The earliest cult images of Dionysus show a mature male, bearded and robed. He holds a fennel staff known as a thyrsus; according to scholar Edward Olszewski, the classical thyrsus is a fennel stalk or ivy wand which is often erroneously described as topped with a pinecone in modern scholarship. He argues that the idea of a pinecone-tipped thyrsus actually originates from the 19th century, due to mistaking the stylized ivy cluster on top in ancient artworks for a pinecone. Later images show him as a beardless, sensuous, naked or half-naked androgynous youth: the literature describes him as womanly or "man-womanish". In its fully developed form, his central cult imagery shows his triumphant, disorderly arrival or return, as if from some place beyond the borders of the known and civilised. His procession (thiasus) is made up of wild female followers (maenads, or bassarides) in fox robes, and bearded satyrs with erect penises; some are armed with the thyrsus, some dance or play music. The god himself is drawn in a chariot, usually by exotic beasts such as lions or tigers, and is sometimes attended by a bearded, drunken Silenus. This procession is presumed to be the cult model for the followers of his Dionysian Mysteries. Dionysus is represented by city religions as the protector of those who do not belong to conventional society and he thus symbolises the chaotic, dangerous and unexpected, everything which escapes human reason and which can only be attributed to the unforeseeable action of the gods.

Before the late fifth century BCE, Dionysus was depicted as a bearded, mature man. In vase paintings by artists such as the Eretria Painter, he is shown bearded alongside his retinue, participating in myths such as the Return of Hephaestus. However, by the mid-to-late fifth century BCE, Dionysus began to be portrayed as a beardless and androgynous youth. This iconography became closely tied to Classical Greek theatre and ritual. In plays like Aeschylus' Edonoi and Euripides' The Bacchae, he is portrayed as an androgynous figure, with Pentheus and Lycurgus calling him an "effeminate one". This visual fluidity highlights his role as a god of metamorphosis who bridges the boundaries between male and female, as well as civilization and wilderness. Scholars connect this androgynous appearance to Greek youth initiation rituals, echoing the myth where the infant Dionysus was disguised as a girl to hide from Hera.

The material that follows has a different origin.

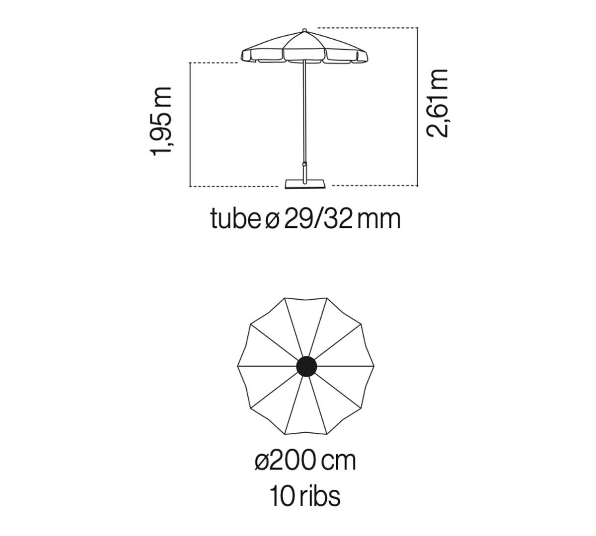 Sombrilla redonda de aluminio con el mástil en color crudo regulable en altura. El telaje es de olefin con un gramaje de 190 g y está disponible en 14 colores. La base no está incluida. Consulta las bases disponibles.

Dionysus was a god of resurrection and he was strongly linked to the bull. In a cult hymn from Olympia, at a festival for Hera, Dionysus is invited to come as a bull; "with bull-foot raging". Walter Burkert relates, "Quite frequently [Dionysus] is portrayed with bull horns, and in Kyzikos he has a tauromorphic image", and refers also to an archaic myth in which Dionysus is slaughtered as a bull calf and impiously eaten by the Titans.

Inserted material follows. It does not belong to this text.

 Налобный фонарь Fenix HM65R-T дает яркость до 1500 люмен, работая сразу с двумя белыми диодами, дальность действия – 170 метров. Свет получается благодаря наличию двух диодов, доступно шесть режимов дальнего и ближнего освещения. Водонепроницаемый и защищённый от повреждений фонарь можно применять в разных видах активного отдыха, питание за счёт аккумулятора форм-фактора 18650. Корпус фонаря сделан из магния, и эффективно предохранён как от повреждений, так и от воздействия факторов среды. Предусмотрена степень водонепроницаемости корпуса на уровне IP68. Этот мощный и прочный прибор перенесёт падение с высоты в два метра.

A sculpted phallus at the entrance of the temple of Dionysus in Delos, Greece

The snake and phallus were symbols of Dionysus in ancient Greece, and of Bacchus in Greece and Rome. There is a procession called the phallophoria, in which villagers would parade through the streets carrying phallic images or pulling phallic representations on carts. He typically wears a panther or leopard skin and carries a thyrsus. His iconography sometimes includes maenads, who wear wreaths of ivy and serpents around their hair or neck.

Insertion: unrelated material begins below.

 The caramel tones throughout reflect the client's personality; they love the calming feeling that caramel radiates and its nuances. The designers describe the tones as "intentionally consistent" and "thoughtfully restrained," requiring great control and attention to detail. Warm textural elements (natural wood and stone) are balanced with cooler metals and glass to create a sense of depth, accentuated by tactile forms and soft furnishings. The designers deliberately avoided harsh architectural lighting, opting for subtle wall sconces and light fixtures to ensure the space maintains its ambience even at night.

The cult of Dionysus was closely associated with trees, specifically the fig tree, and some of his bynames exhibit this, such as Endendros "he in the tree" or Dendritēs, "he of the tree". Peters suggests the original meaning as "he who runs among the trees", or that of a "runner in the woods". Janda (2010) accepts the etymology but proposes the more cosmological interpretation of "he who impels the (world-)tree". This interpretation explains how Nysa could have been re-interpreted from a meaning of "tree" to the name of a mountain: the axis mundi of Indo-European mythology is represented both as a world-tree and as a world-mountain.

Dionysus is also closely associated with the transition between summer and autumn. In the Mediterranean summer, marked by the rising of the dog star Sirius, the weather becomes extremely hot, but it is also a time when the promise of coming harvests grow. Late summer, when Orion is at the center of the sky, was the time of the grape harvest in ancient Greece. Plato describes the gifts of this season as the fruit that is harvested as well as Dionysian joy. Pindar describes the "pure light of high summer" as closely associated with Dionysus and possibly even an embodiment of the god himself. An image of Dionysus's birth from Zeus's thigh calls him "the light of Zeus" (Dios phos) and associates him with the light of Sirius.

===Classical art===

Marble table support adorned by a group including Dionysos, Pan and a Satyr; Dionysos holds a rhyton (drinking vessel) in the shape of a panther; traces of red and yellow colour are preserved on the hair of the figures and the branches; from an Asia Minor workshop, 170–180 AD, National Archaeological Museum, Athens, Greece

Fresco of Dionysus from triclinium ceiling of home incorporated into Baths of Caracalla (Rome)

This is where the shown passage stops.